Claude Debussy was born in the Parisian suburb of Saint-Germaine-en-Laye on August 22, the eldest of five children. His father owned a china shop and his mother was a seamstress. The family moved to Paris in 1867. He took his first piano lessons when he was nine and in 1872 he entered the Paris Conservatoire. During the eleven years he spent at the Conservatoire he studied composition with Ernest Guiraud and piano with Antoine François Marmontel whose lessons he favored most. From the very start Debussy was argumentative and experimental in the field of harmony and sound. He challenged the academic traditions favoring dissonances and intervals, which were considered dissident at the time.
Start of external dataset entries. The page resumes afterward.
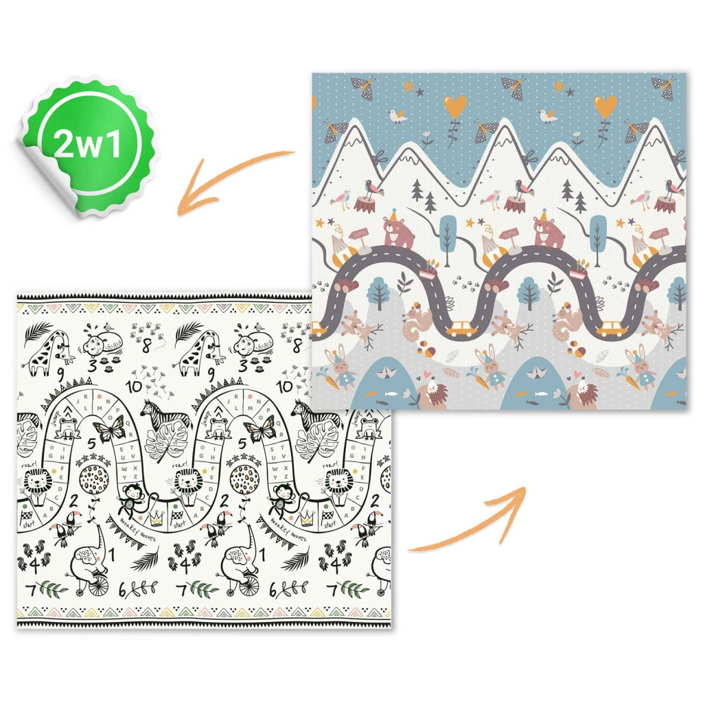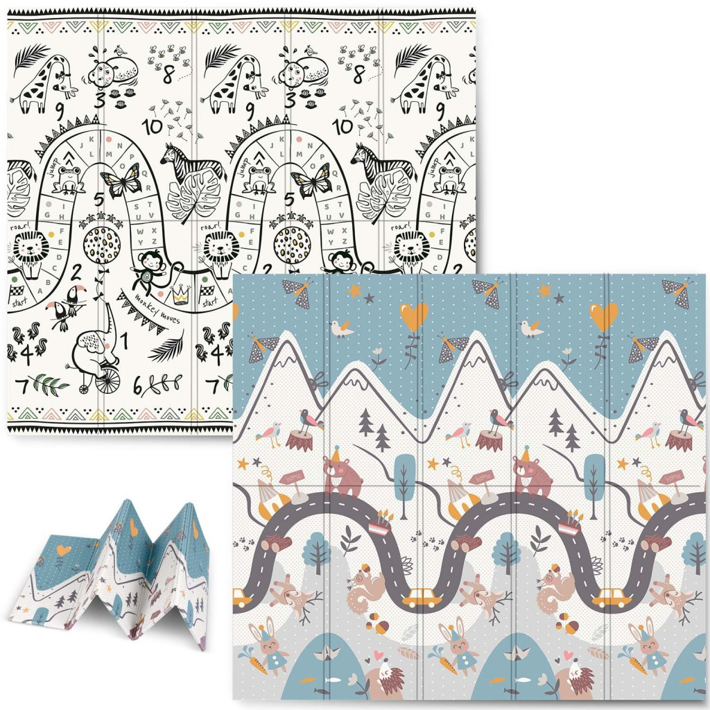 A Nukido NK-340 hajtogatható habszőnyeg 200×180 cm-es teret kínál a babák felfedezéséhez és a kúszás tanulásához. Az 1 cm vastag, prémium XPE hab puhán párnáz, hőszigetel a hideg padló ellen, és megbízhatóan csillapít minden esést. Kétoldalas mintái – pasztell hegyvidéki állatok és fekete-fehér játékos pálya – szórakoztatják és fejlesztik a picik érzékelését. Könnyű, csúszásmentes, harmonikaszerűen hajtható, így otthon, utazáson vagy pikniken is tökéletes választás.
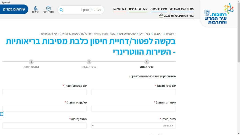 טופס קל » עיריות » עיריות בשפלה » עיריית רחובות » בעלי חיים » טופס בקשה לפטור / דחיית חיסון כלבת מסיבות בריאותיות – השירות הווטרינרי
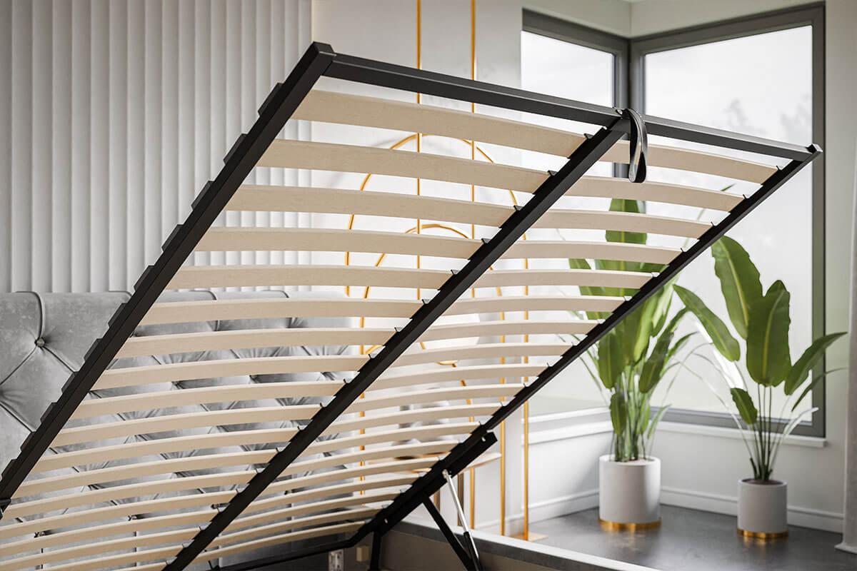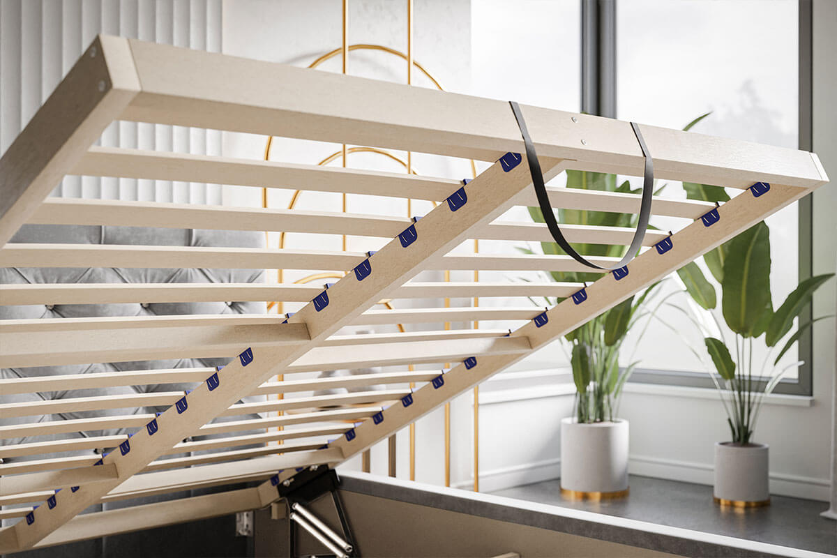 Łóżko tapicerowane Grayson z pojemnikiem na pościel i stelażem to kwintesencja elegancji, luksusu i nowoczesnego designu. Wyposażone w przestronny pojemnik na pościel, zapewnia praktyczne rozwiązania do przechowywania, pozwalając na łatwe utrzymanie porządku w sypialni.
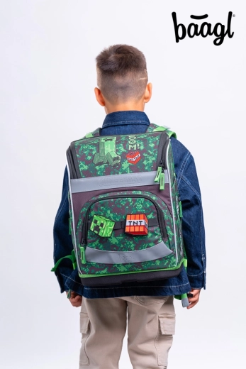 Aktovka Baagl Zippy Plus s motivom MINECRAFT Boom idealan je izbor za djecu od 1. razreda. Zahvaljujući čvrstom, ojačanom tijelu odlično drži oblik i samostalno stoji, što olakšava spremanje bilježnica i udžbenika. Pomični leđni sustav omogućuje podešavanje aktovke na tri različite veličine, pa raste zajedno s djetetom. Potpuno podesive naramenice i odvojivi lumbalni pojas osiguravaju udobno i zdravo nošenje tijekom cijelog dana.
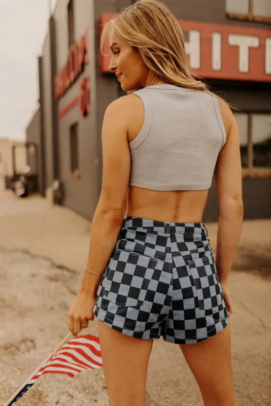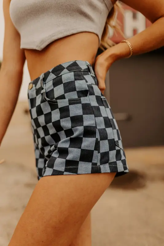 Our Blue Checkered Denim Shorts are the cutest shorts we’ve ever seen! There is a button and zipper closure and there are pockets on the front and back. These would look cute with a simple basic top!
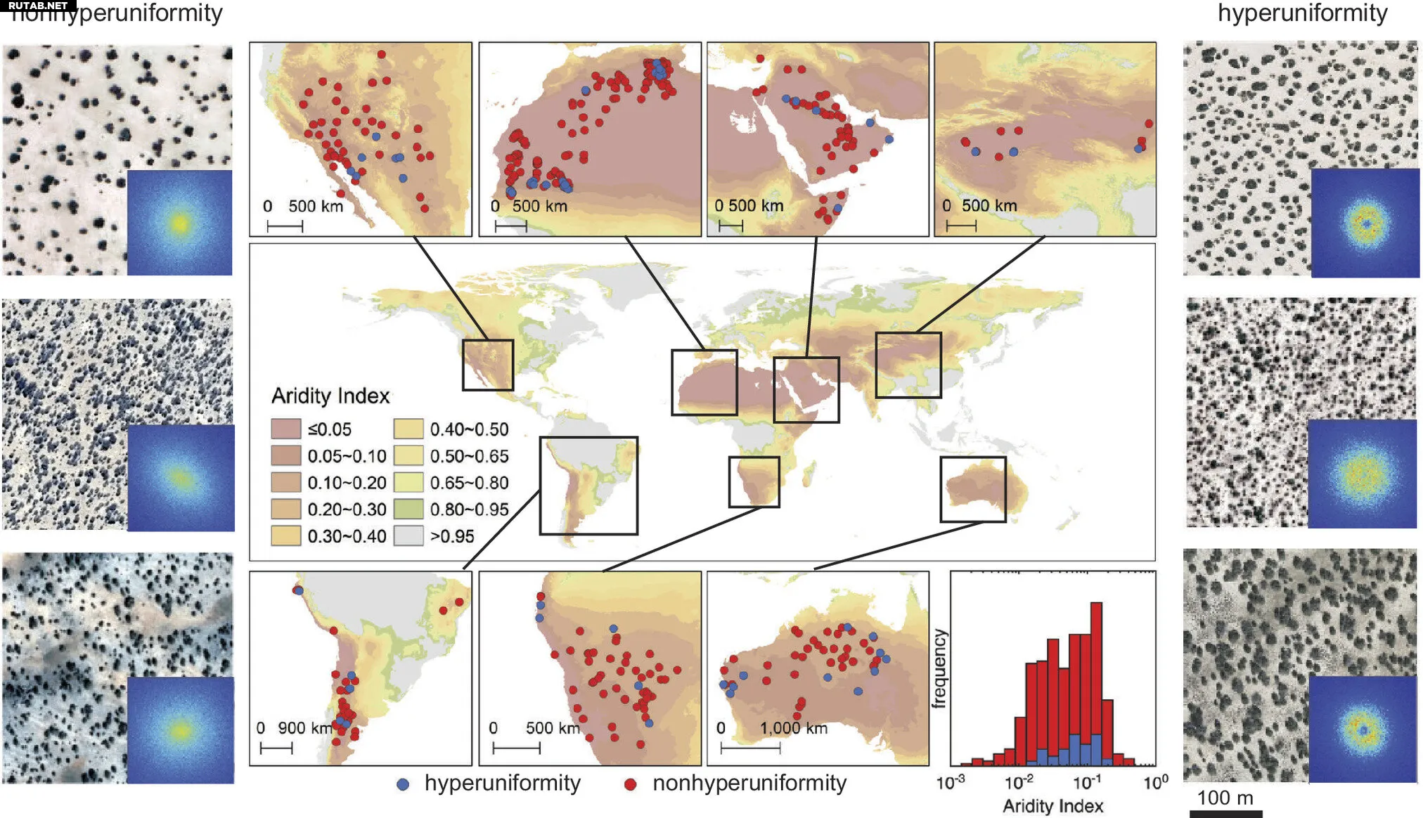 Анализ спутниковых снимков более 400 засушливых регионов показал, что примерно каждый десятый из них демонстрирует признаки неупорядоченной гипероднородности. Это делает данное явление глобальной особенностью засушливых экосистем, а не редкой аномалией.
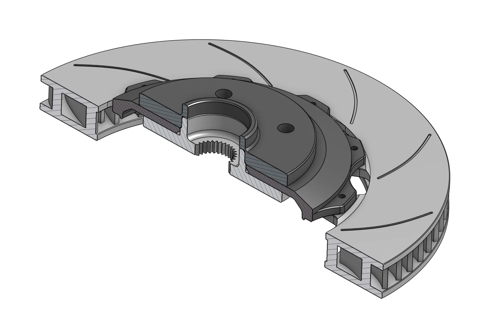 Section view applied to show you how the 12mm hubcentric spacer interfaces with the rotor hat face and the oem hub lip.
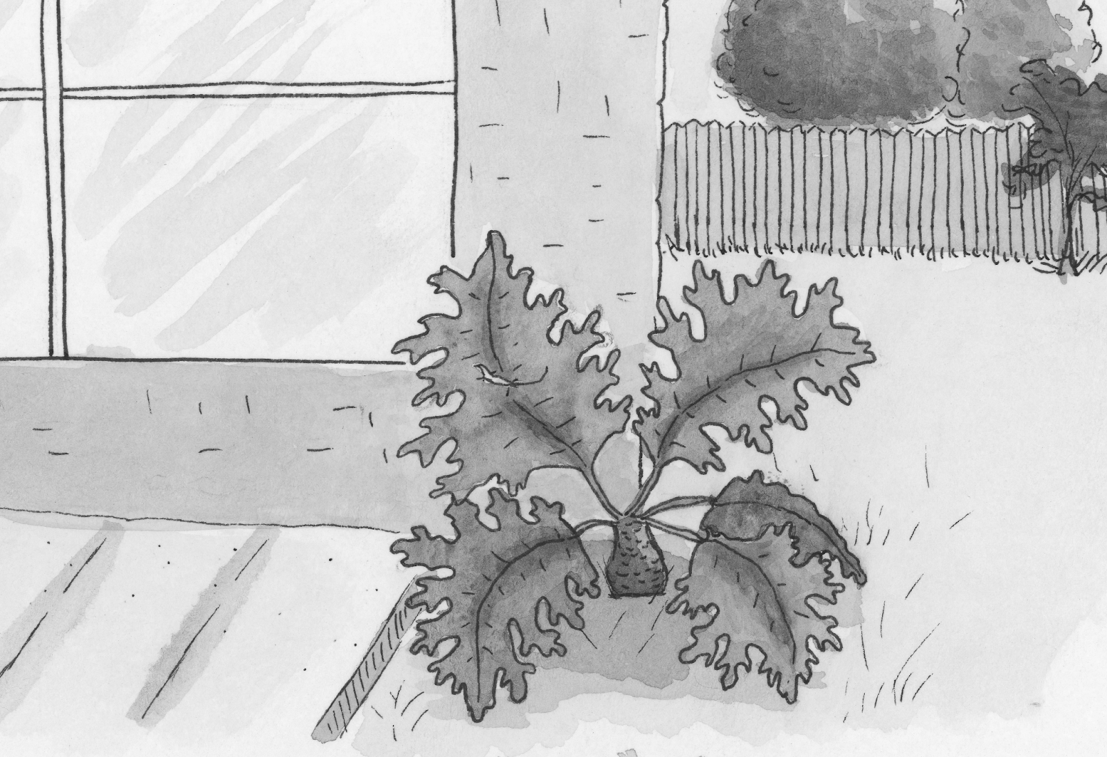 I walked to the window and scanned our backyard. I waited to hear neighbors that would explain the voice but heard nothing. The enormous philodendron that grew for decades, sat in the courtyard. Its deep green and ruffled leaves swayed slowly. An anole perched still.
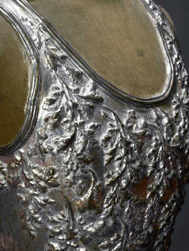 Papier-mâché, silver leaf on brown chalk, chalk, gilded

Debussy was a brilliant pianist and could perfectly read music. In 1881 he became part of the musical household of Nadezhda von Meck, the wealthy patroness of Pyotr Tchaikovsky while accompanying her in her travels in Europe and Russia. Thereafter at the behest of Mme von Meck he visited Russia another two times. The acquaintance with Russian music remained an important influence on Debussy’s own style. As a winner of the Prix de Rome in 1884 he went to the Villa Medici in the Italian capital for four years to further his studies. While staying in Rome he studied Renaissance choral music, which injected new life to his creativity. The works he finally sent to the Academy (the symphonic ode “Zuleima”, the orchestral piece “Printemps”) met a chilly response. In Rome he found the artistic atmosphere stifling, he was often depressed and unable to compose. He returned back home earlier than planned. “I am sure the Institute would not approve… but I am too enamored of my freedom, too fond of my own ideas” he wrote in one of his letters to Paris.

In 1890 Debussy he started writing “Rodrigue et Chimène”, an opera abandoned two years later and unfinished. It was followed by the opera “Pelléas et Mélisande” and the year of 1894 was marked by the enormously successful premiere of his “Prélude à L'après-midi d'un Faune”. The first concert featuring only Debussy’s own works was held at an art gallery in Brussels in 1894, which seems natural taking into account the composer’s great interest in impressionistic art. During the 1890s he also wrote “Nocturnes for Orchestra”, “Proses lyriques” for voice and piano and a string quartet in G-minor.

In 1899 Debussy’s publisher G. Hartmann died leaving the composer with no financial support. Nevertheless he finished the second version of the “Pelléas et Mélisande” opera. It premiered on April 30, 1902 at the “Opéra-comique” in Paris to contradictory reactions. The work was considered the biggest achievement in the genre since the Wagnerian times. In 1903 appeared his “Estampes” for the piano. 1904 saw Debussy’s symphonic piece “La Mer”, a set for voice and piano “Fêtes galantes”, and the vocal cycles “Chansons de France”.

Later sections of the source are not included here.